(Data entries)
[Start of section]

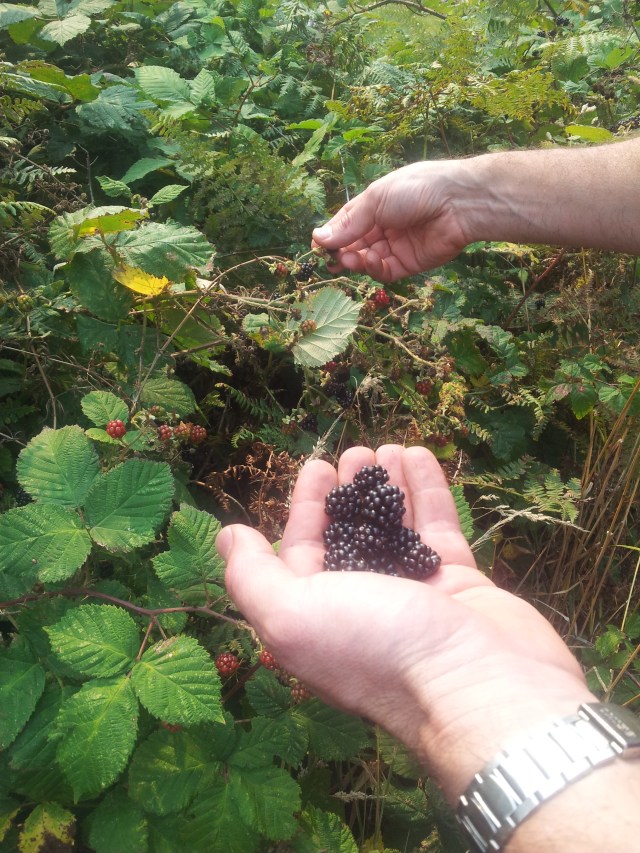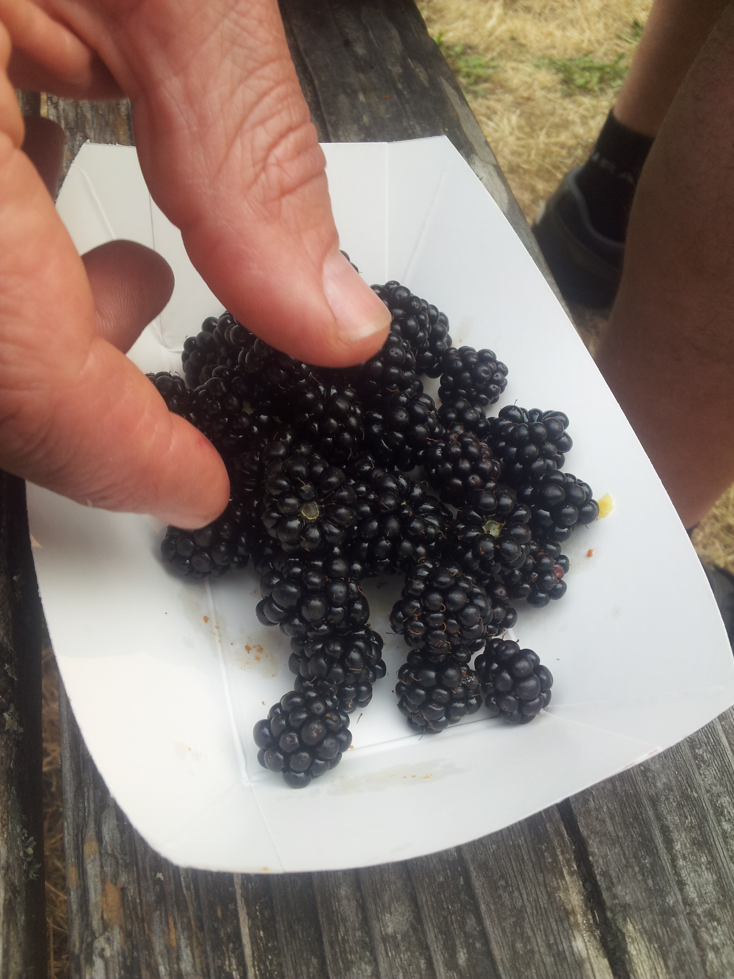 Lunch stop in a little place called Langlois, which claims (on its town-sign) to be ‘world famous’ (but we still don’t know how they pronounce it!)… and to have ‘world famous hot dogs’ in the (what we’d call a) general store.  Never mind that I’d noted there was actually a cafe in Langlois.  We tried the hot dogs. Which were… hot dogs. The only upside to that stop was having blackberries for ‘dessert’.   From day 1 we’ve seen blackberries growing by the side of the road everywhere – and quite a few people stopped picking them.  So Marc went foraging.
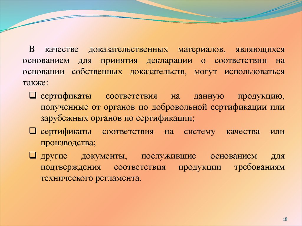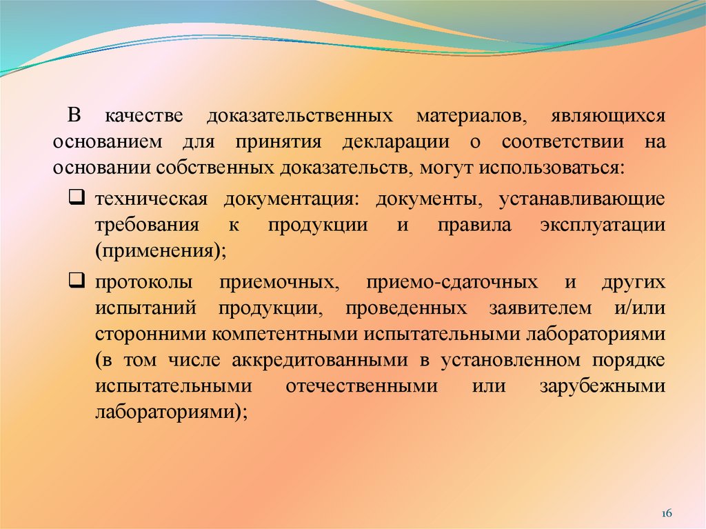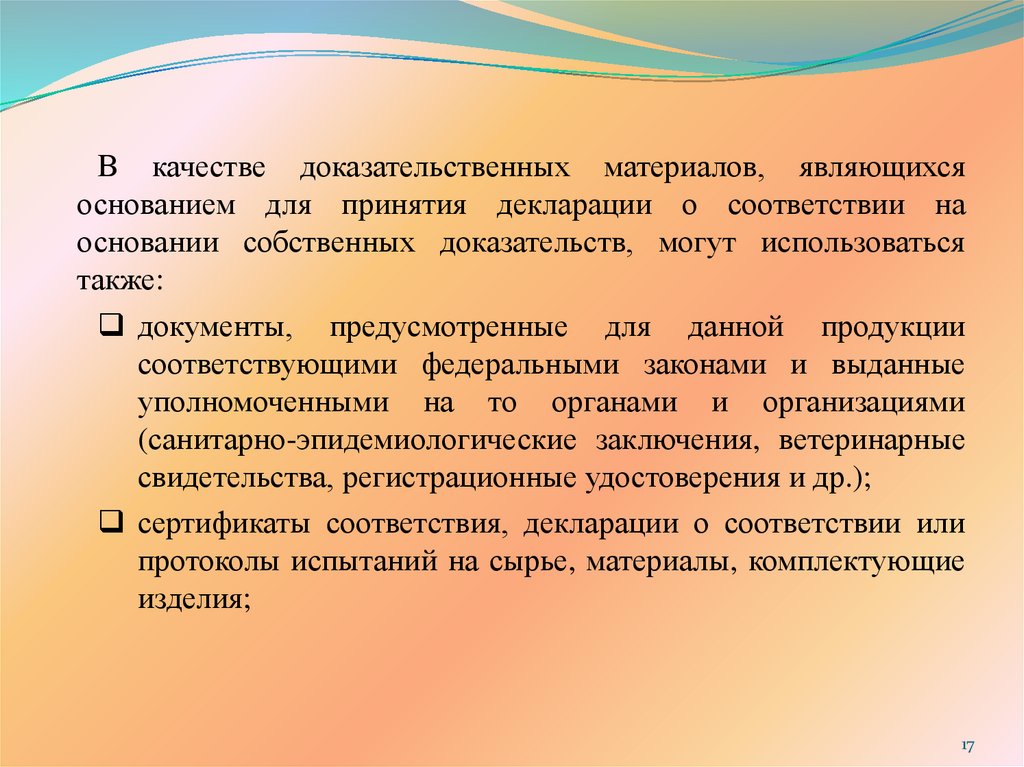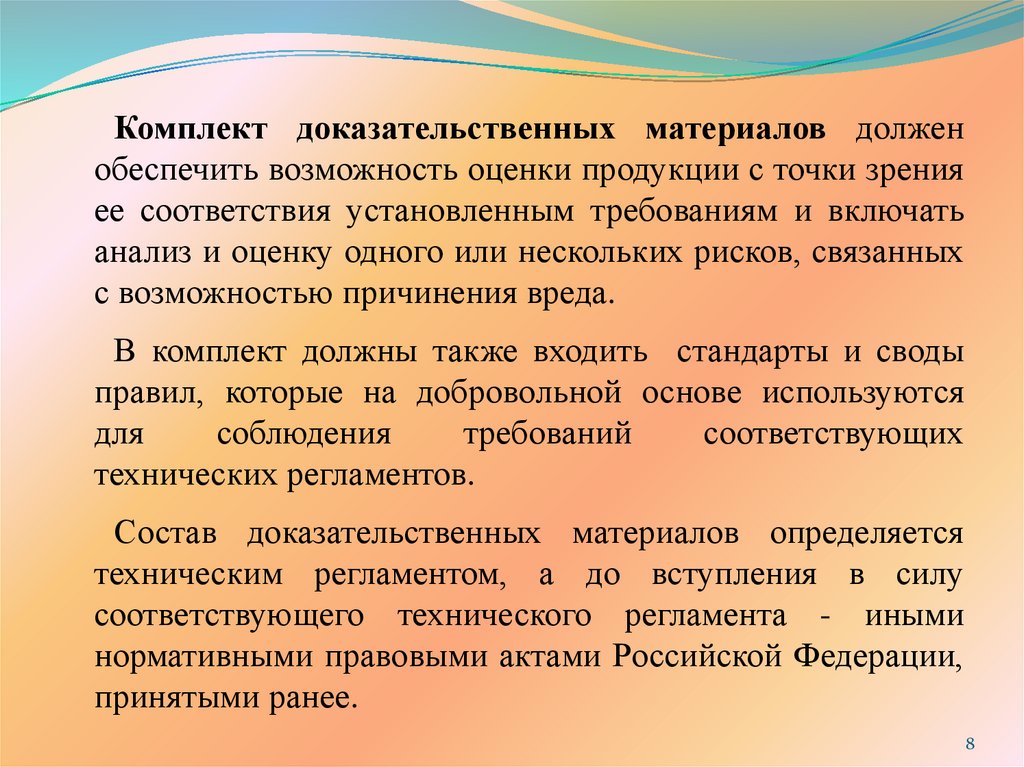 Комплект доказательственных материалов долженобеспечить возможность оценки продукции с точки зрения
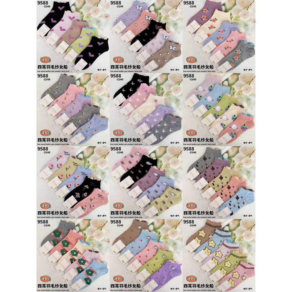 Women's Floral Printed Ankle-Length Socks Breathable Nylon Spandex Knitted with Mesh for Spring Summer Packaged Individual Bags
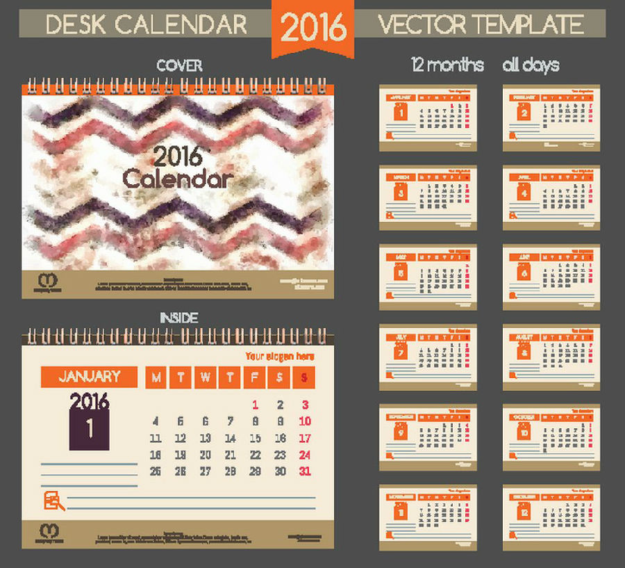 大家在新年里,想不想要一些精美的台历放在自己的桌子上呢,这里有一份全新的2016新年台历矢量模板,非常的精美,让你看到它就觉得赏心悦目哦!
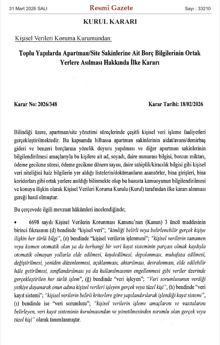 31 Mart 2026 tarihli Resmî Gazete’de yayımlanan KVKK’nın 2026/348 sayılı kararı ile ilgili düzenleme, kişisel verilerin korunmasına ilişkin uygulamalarda önemli bir netlik sağladı. Karar, özellikle site yönetimleri, apartman yöneticileri ve benzeri idari yapıların sıklıkla başvurduğu “ifşa yoluyla tahsilat” yöntemini açık biçimde hukuka aykırı kapsamına aldı.
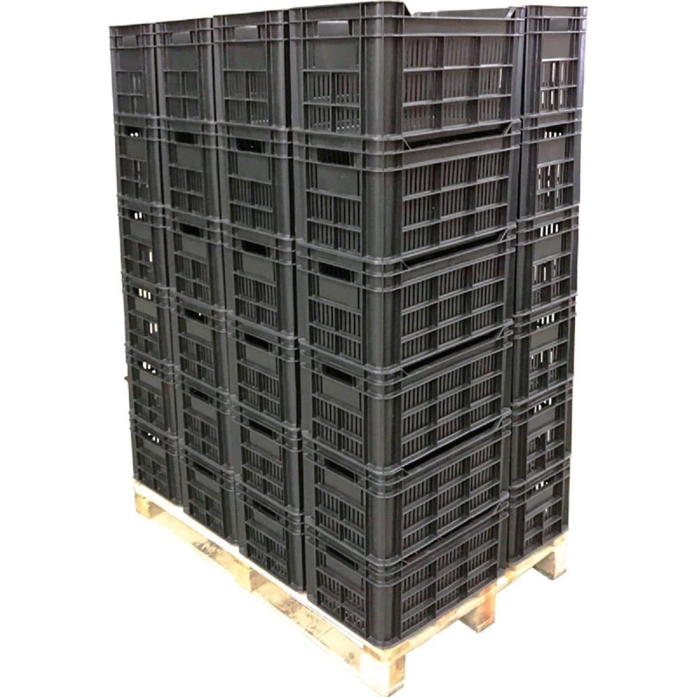 Ящик Тара.ру п/э 500x300x264, перфорированный, комплект 36 шт., чёрный 27007 подходит для хранения любых предметов: от бытовых вещей и продуктов питания до промышленных компонентов. Изделие выполнено из полиэтилена низкого давления. Дополнительные ребра жесткости позволяют максимально заполнить ящик без деформации. Форма позволяет вертикально складировать ящики без перекосов и использования систем хранения. Ящики поставляются на паллете - габариты 1200х800х1740 мм.
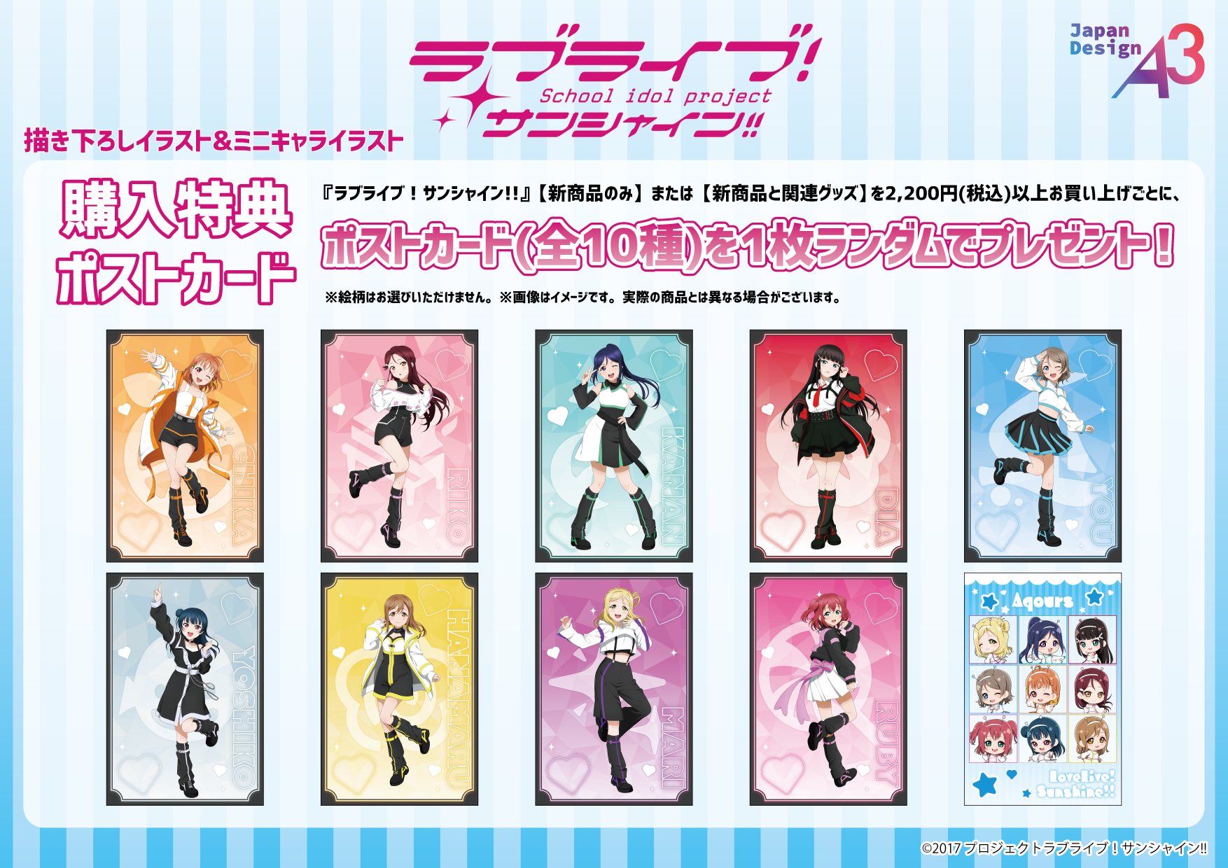 『ラブライブ!サンシャイン!!』関連商品を2,200 円(税込)お買い上げごとに特典ポストカードをランダムで1 枚プレゼント!

[End of section]

Brief —
The response should contain every record above exactly as written, and none of the pictures.

Result —
 Lunch stop in a little place called Langlois, which claims (on its town-sign) to be ‘world famous’ (but we still don’t know how they pronounce it!)… and to have ‘world famous hot dogs’ in the (what we’d call a) general store.  Never mind that I’d noted there was actually a cafe in Langlois.  We tried the hot dogs. Which were… hot dogs. The only upside to that stop was having blackberries for ‘dessert’.   From day 1 we’ve seen blackberries growing by the side of the road everywhere – and quite a few people stopped picking them.  So Marc went foraging.
 Комплект доказательственных материалов долженобеспечить возможность оценки продукции с точки зрения
 Women's Floral Printed Ankle-Length Socks Breathable Nylon Spandex Knitted with Mesh for Spring Summer Packaged Individual Bags
 大家在新年里,想不想要一些精美的台历放在自己的桌子上呢,这里有一份全新的2016新年台历矢量模板,非常的精美,让你看到它就觉得赏心悦目哦!
 31 Mart 2026 tarihli Resmî Gazete’de yayımlanan KVKK’nın 2026/348 sayılı kararı ile ilgili düzenleme, kişisel verilerin korunmasına ilişkin uygulamalarda önemli bir netlik sağladı. Karar, özellikle site yönetimleri, apartman yöneticileri ve benzeri idari yapıların sıklıkla başvurduğu “ifşa yoluyla tahsilat” yöntemini açık biçimde hukuka aykırı kapsamına aldı.
 Ящик Тара.ру п/э 500x300x264, перфорированный, комплект 36 шт., чёрный 27007 подходит для хранения любых предметов: от бытовых вещей и продуктов питания до промышленных компонентов. Изделие выполнено из полиэтилена низкого давления. Дополнительные ребра жесткости позволяют максимально заполнить ящик без деформации. Форма позволяет вертикально складировать ящики без перекосов и использования систем хранения. Ящики поставляются на паллете - габариты 1200х800х1740 мм.
 『ラブライブ!サンシャイン!!』関連商品を2,200 円(税込)お買い上げごとに特典ポストカードをランダムで1 枚プレゼント!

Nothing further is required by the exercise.